GOVERNMENT has started distributing grain to needy communities across the country in line with its commitment to ensure that no household starves.
The programme targets the elderly, child-headed families and orphans for free food distribution while the able bodied will be recruited to do food for work projects in their localities.
The exercise has been necessitated by the need to cushion citizens from hunger after some parts of the country received poor yields in the 2021/22 farming season due to drought-induced conditions.
The Department of Social Welfare distributed 15 000 tonnes of maize this month and is expected to scale up the intervention to 30 000 tonnes going forward, according to official reports. The exercise is set to continue until next year’s harvest.
Despite some parts of the country being food insecure due to poor rains, the Government has committed to cushioning the public from hunger, said Public Service, Labour and Social Welfare Minister, Professor Paul Mavima.
He said the Government’s interventions were being guided by the recently released Zimbabwe Vulnerability Assessment Committee (ZimVAC) Rural Livelihood Report, which has shown that the Government is the biggest social net provider for vulnerable citizens.
“We have just started the food deficit mitigation programme. This month, we had an allocation of 15 000 tonnes to go into the areas that were adversely affected due to erratic rains,” said the minister.
“We are targeting that on an average, up to the next harvest, we will be distributing something like 30 000 tons per month.
“We will start off low but we will increase the allocations as we reach the peak hunger period, which is going to be from January to about March into 2023. That programme has started.”
Prof Mavima said his ministry has also sent complementary teams to assess the vulnerability levels in several districts and that the Government was confident that all vulnerable members of the public will access grain.
“We are not expecting to fail to give support to families in need of food aid.

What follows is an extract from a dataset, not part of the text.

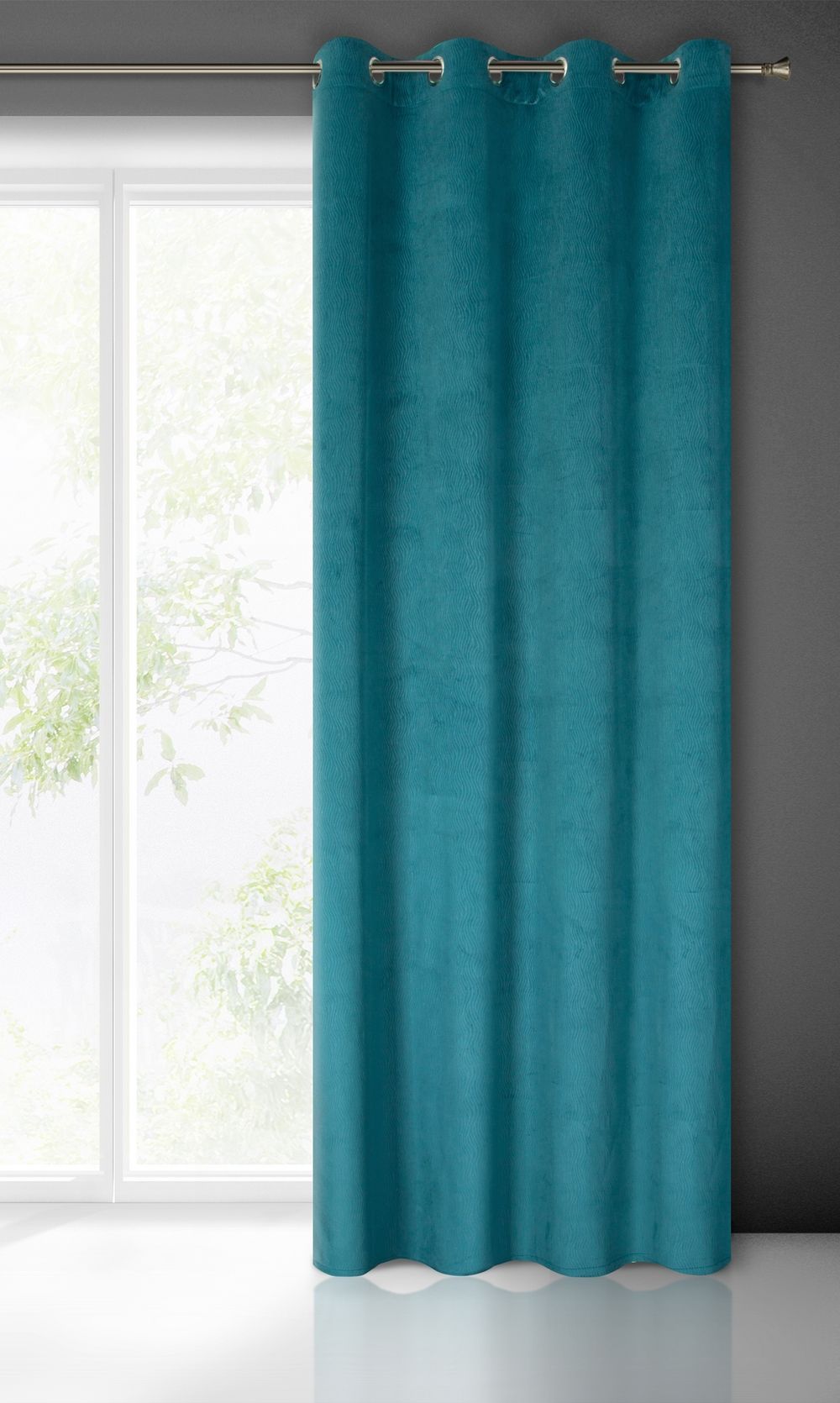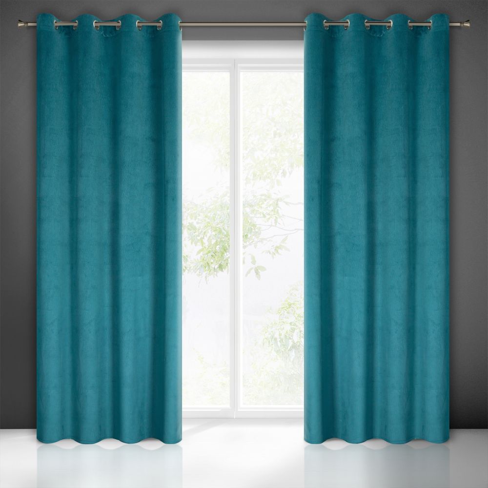 Zasłona welwetowa z efektownym wytłoczeniem szerokość: 140 cm, długość: 250 cm, kolor: niebieski, Gramatura: 200 GSM, Skład: 100% poliester

We have done proper research and now we know the extent of hunger in the country,” he said.
“We are going to give each and every family what it deserves in terms of food, using the data that has been provided to us by the different Government departments,” said Prof Mavima.
From now until October/November the minister said beneficiaries would work for the food they receive but when the farming season starts, they must be focused on working on their farms so that they harvest in the following season.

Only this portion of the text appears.